Paramedics say the Covid-19 lockdown has pushed them to breaking point as response times are exposed. See how long your suburb has to wait.
Lives are being put at risk as patients are forced to endure agonising delays due to a chronic shortage of ambulance officers, particularly in Sydney’s west, paramedics say.
Mount Druitt has been identified as an area of major concern, with residents there waiting up to 50 per cent longer for an ambulance than those in the inner city and eastern suburbs, according to Bureau of Health Information data.
The median time for an ambulance to reach urgent cases, like broken bones, at Mount Druitt was 40 minutes and 16 minutes for emergency calls such as those involving chest pains.
In Sydney’s inner city the median wait for urgent calls was 26 minutes. In the eastern suburbs and inner west the wait was 28 minutes.
NSW Health Services Union (HSU) Secretary Gerard Hayes said an extra 1500 fully trained paramedics were needed to ease the ambulance crisis in Sydney’s west.
“Western Sydney continues to be treated as the poorer cousin of the city’s ambulance response,” Mr Hayes said.

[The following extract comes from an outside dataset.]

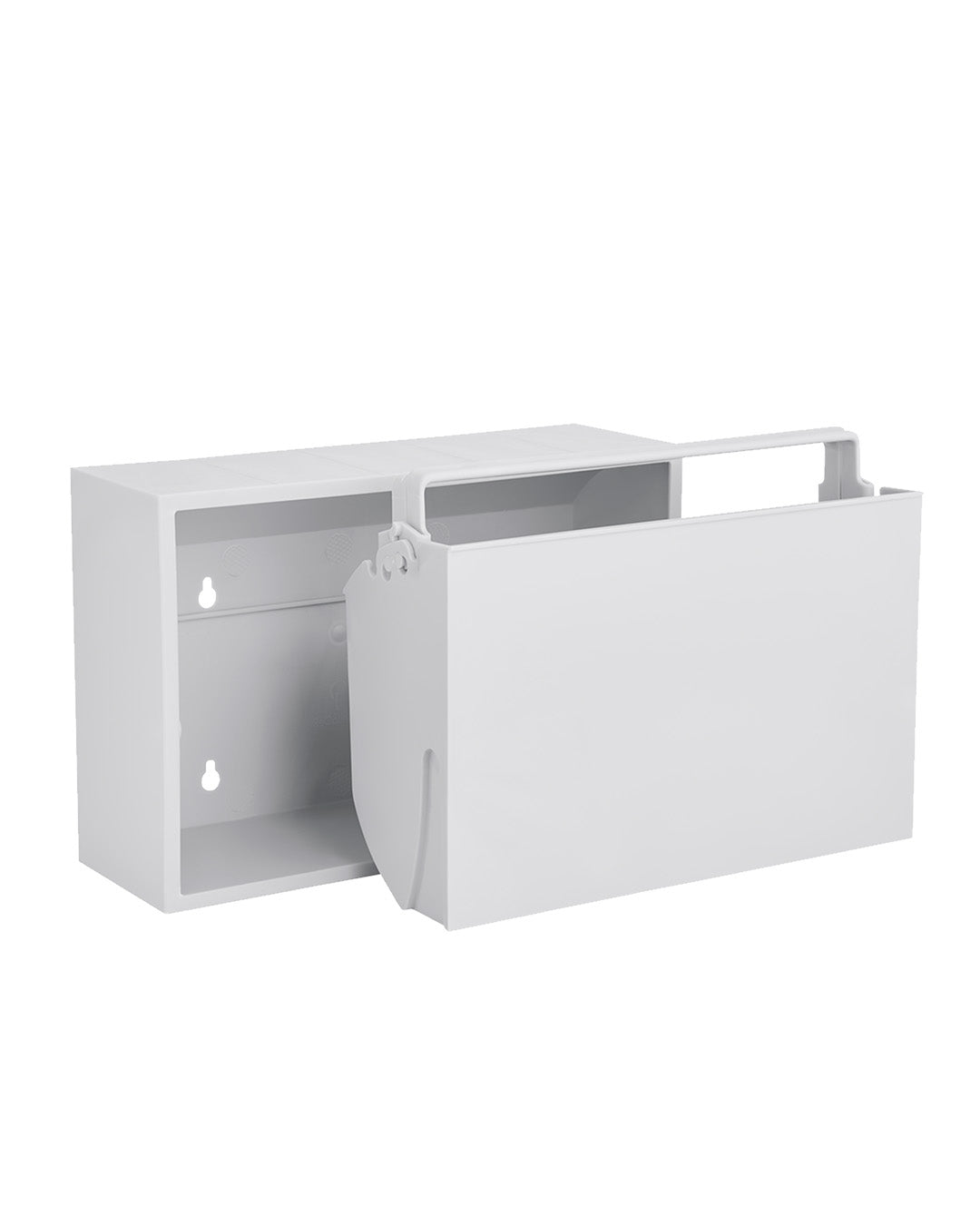 Stylish Mini Storage BoxOur small storage box is perfect as a toilet bin or for keeping your small items organized in the bathroom or other rooms in your home.The box is designed as a practical solution, making it easy to hang on the wall, and its surface can also be used as a shelf for decorative items. Our small storage box is the perfect solution for organizing your small items in a stylish and practical way. The clever tipping function, which allows you to open the box by gently pressing the bottom, also adds to the convenience and functionality of this smart storage solution.The box is made of recycled plastic with added minerals, and we have chosen to produce it in Denmark to avoid long transportation distances.Its small size makes it perfect for storing, sorting, and organizing everything from hairpins and elastics to jewelry, children's markers, or other small items. The box is available in different colors, so you can choose the one that best suits your home and personal style. The sturdy material ensures that the box is durable and can be used for many years to come.In short, our small storage box is the ideal solution for organizing your small items in a stylish and practical way.Materials and DimensionsRecycled PP plastic and mineralsWidth: 30 cm Height: 20 cmDepth: 10 cmWeight: 1.2 kgVolume: 4 litersMaintenanceClean the storage box with a soft, damp cloth or sponge. If necessary, add a mild dish soap or regular soap. Wipe dry with a clean, dry cloth.InstallationMount with 4 screws. Alternatively, double-sided tape or nano tape can also be used for mounting, but be sure to read the user manual thoroughly before use. ReCollector cannot take responsibility for the use of tape for mounting.

“While we welcome the belated reopening of smaller Western Sydney ambulance stations they need to be properly staffed. At the moment, the government is papering over the cracks with casual and contract paramedics who need to be made permanent.”

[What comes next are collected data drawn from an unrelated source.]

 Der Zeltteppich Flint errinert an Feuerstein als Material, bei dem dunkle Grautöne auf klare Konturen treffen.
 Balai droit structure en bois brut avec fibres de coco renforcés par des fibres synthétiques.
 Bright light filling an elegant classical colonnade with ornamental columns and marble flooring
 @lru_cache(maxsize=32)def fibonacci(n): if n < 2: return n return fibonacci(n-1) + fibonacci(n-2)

When it comes to life-threatening calls such as stroke, cardiac arrest and car crashes, wait times across the city were consistently between six to nine minutes.

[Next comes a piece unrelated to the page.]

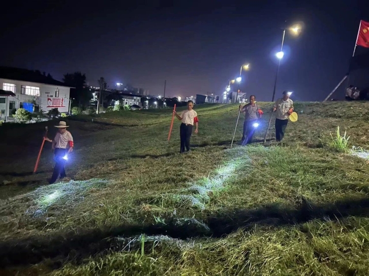 夜幕降临,永济垸、陆城垸等指挥部灯火通明,弯曲延绵数十公里的大堤、河岸上,一盏盏节能灯稳稳照亮着来往的身影……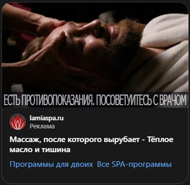 Не пытайтесь вместить в один креатив все услуги и преимущества. Одно объявление продает глубокое расслабление, другое — идеальный подарок, третье — решение конкретной боли. Такая фокусировка делает сообщение сильнее.

But the median response time for those life-and-death cases hit a record peak of 8.3 minutes, according to the data published earlier this year – even before lockdown.
Data is not yet available on response times during the Delta outbreak but paramedic Tess Oxley said she expected delays may have worsened.
“These days we have been going back-to-back to jobs without breaks. The pressure has been unrelenting,” she said. “These poor people are waiting for ambulances sometimes for over an hour. It’s a matter of life and death.”
During the pandemic peak, ambulances were under so much strain Fire and Rescue NSW were on call to drive emergency vehicles and assist crews.
For something like a cardiac arrest, the likelihood of survival can drop 10 per cent for every minute a patient is unattended, according to the Australian Paramedics Association.